In the event of a revocation, the Improvement Team checks whether the Provider or the Portal Manager has published suitable information for the investor to exercise his right of revocation. If the outcome is negative, the revocation request is rejected. If the outcome is positive, the Migliora Team checks that no more than 7 days have elapsed between the date on which the Offeror or the Portal Manager published the information and the date on which the investor sent the e-mail to email@example.com exercising the right of withdrawal. If the request has been made within this period, the Migliora Team instructs the banking partner to return the amount to the investor in the manner mentioned above.
In both cases, the Migliora Team informs the investor of the outcome of the verifications by sending an e-mail to the address provided by the investor.
The banking partner provides the Migliora Team with confirmation that the investor's investment has been withdrawn.
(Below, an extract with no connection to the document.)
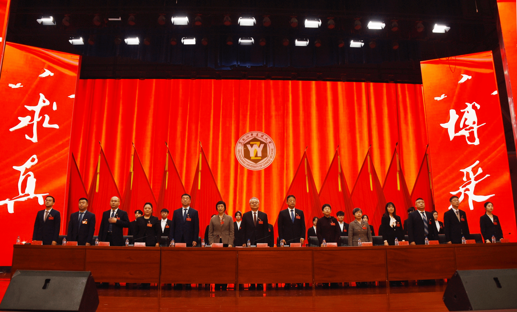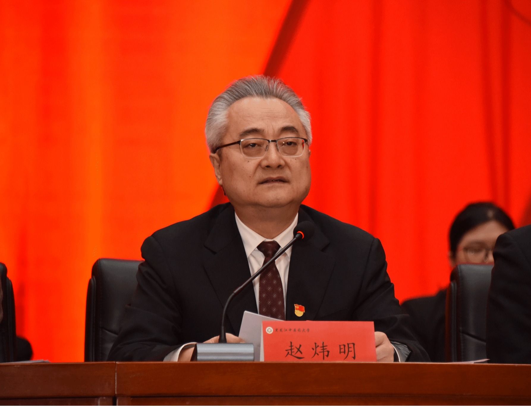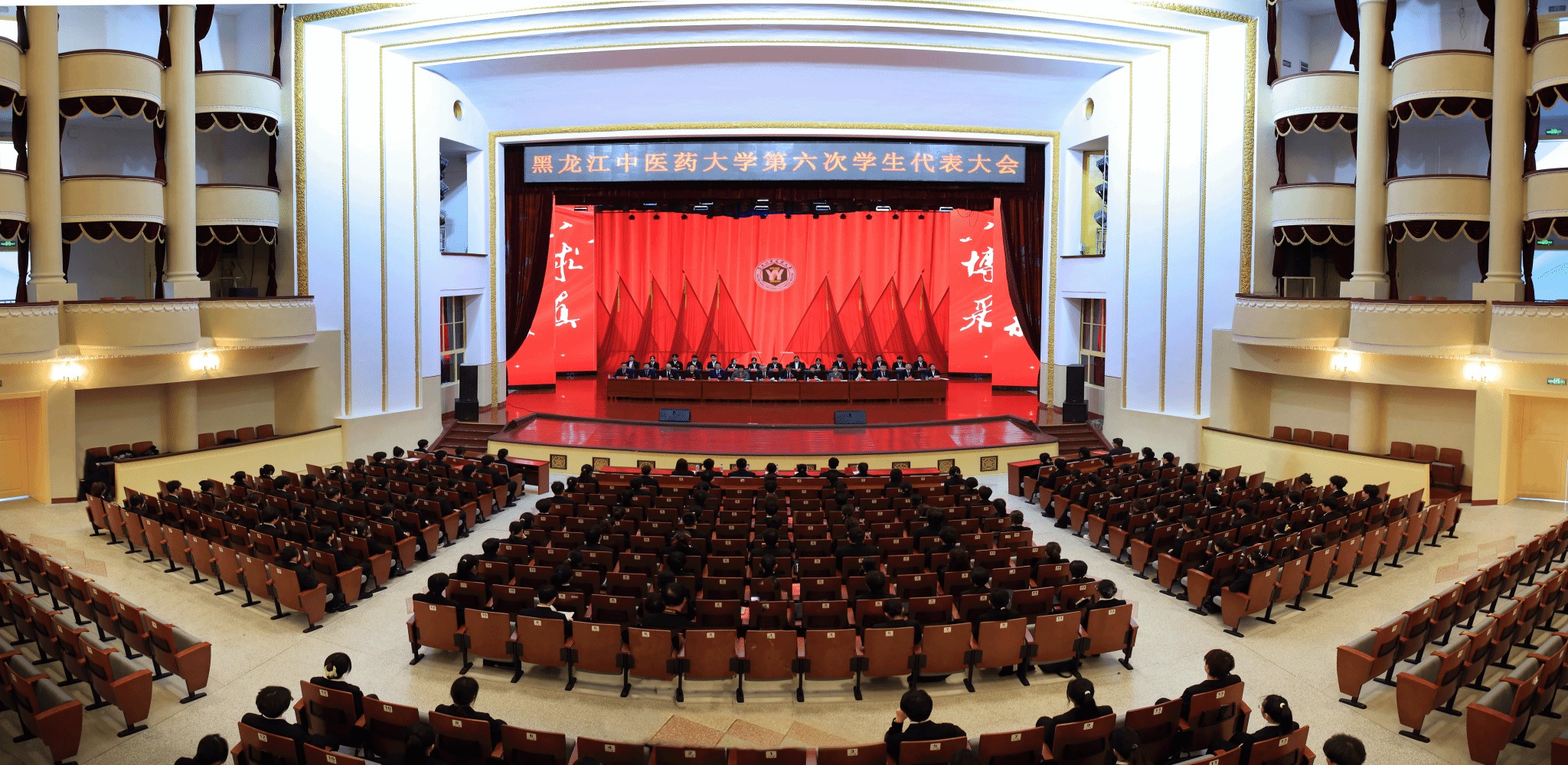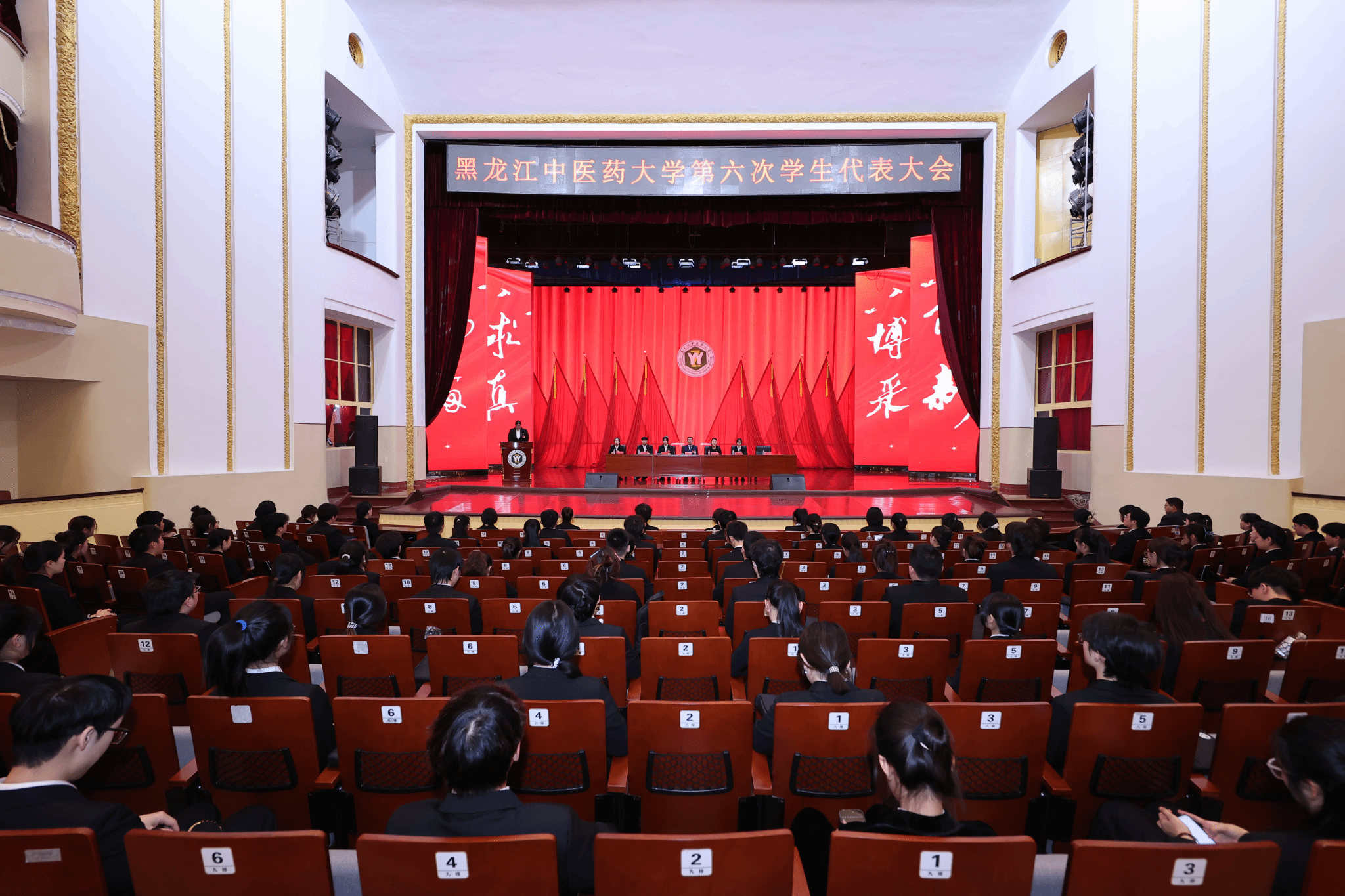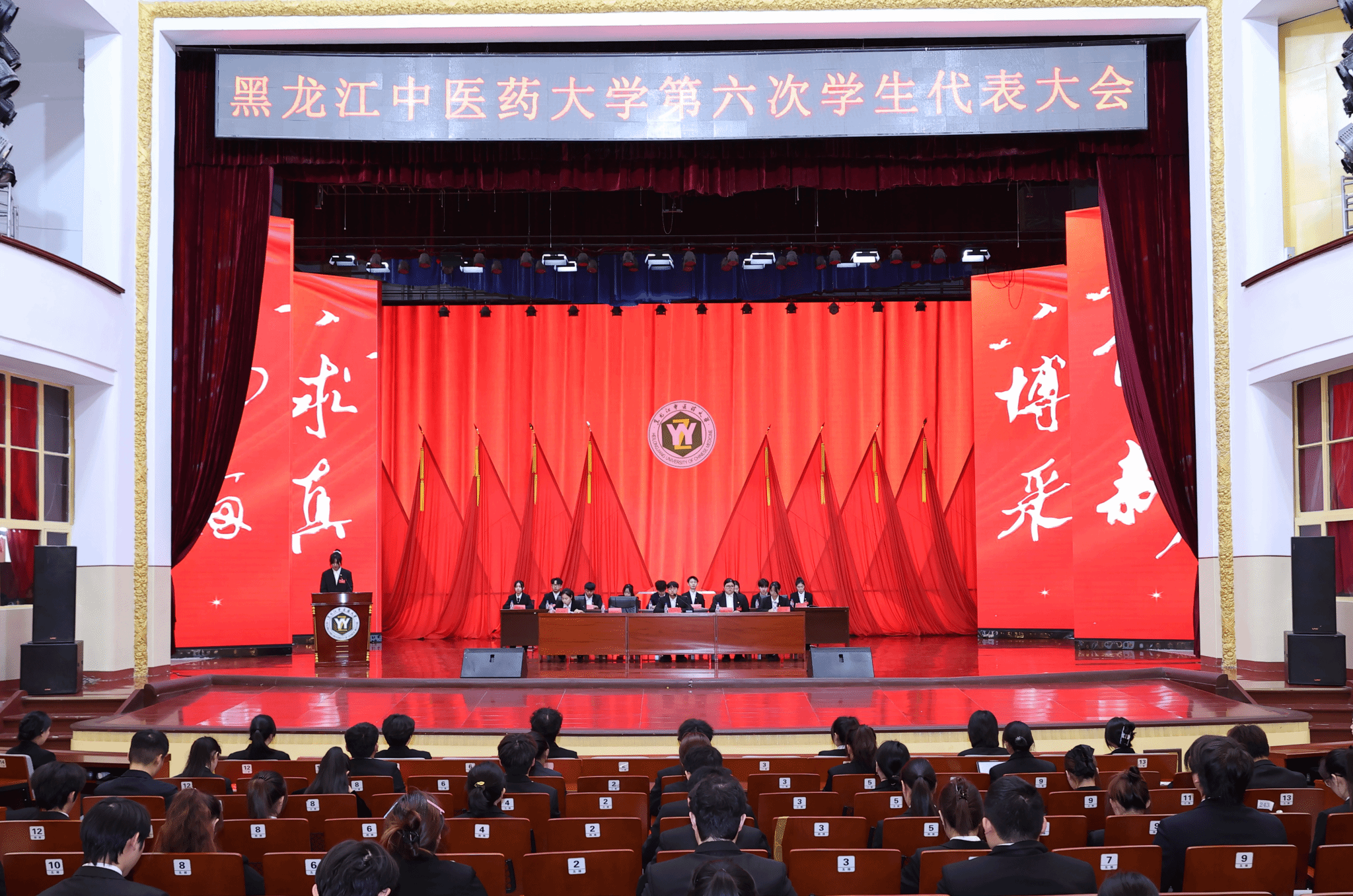 12月5日9时,黑龙江中医药大学第六次学生代表大会第一次全体会议在庄严的国歌声中开幕。赵炜明讲话、郭宏伟致辞,乔广霞主持大会开幕式,校团委副书记刘译阳宣读省学联及校党委《关于同意召开黑龙江中医药大学第六次学生代表大会的批复》。省学联驻会执行主席刘懿致辞、哈尔滨工程大学校学生会主席团成员王佳怡代表兄弟高校学生会致辞。

The Migliora Team archives the file by uploading it from the administrator area of the Portal into the appropriate folder and updates the status of the investments accordingly, if it is not done automatically by data transfer from the banking partner to the Portal.
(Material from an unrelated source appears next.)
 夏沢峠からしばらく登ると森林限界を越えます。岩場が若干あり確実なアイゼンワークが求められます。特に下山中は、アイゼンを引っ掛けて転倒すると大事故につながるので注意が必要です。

At the end of the offer period, in the absence of withdrawal or revocation, the orders properly executed are considered definitively completed Migliora S.r.l. will then verify the successful outcome of the Offer and will notify within the next three days through the home page of the website of the Portal.
If the Offer has not been successful, the sums paid by the investors will be returned to them by the bank holding the account in the name of the Offeror.
If, on the other hand, the Offer is successful, the instruments subscribed by the investors will be delivered to them or registered in their name; the registration of the instruments will take place in accordance with the law.
Specifically, in the event that the Offer relates to shares of limited liability companies, the registration may take place, alternatively, in the form provided for by Article 2470 of the Italian Civil Code (i.e. by notarial deed). (i.e. by notarial deed).
Each Offer published on the Portal has a duration of 60 (sixty) days, with the possibility of extension for a further period of up to a maximum of 30 (thirty) days.
In order to guarantee the return of the sums to the investors, in all cases where this is envisaged, the account in the name of the offering companies is subject to a restriction of unavailability for the entire duration of the offer and for seven days following its closure.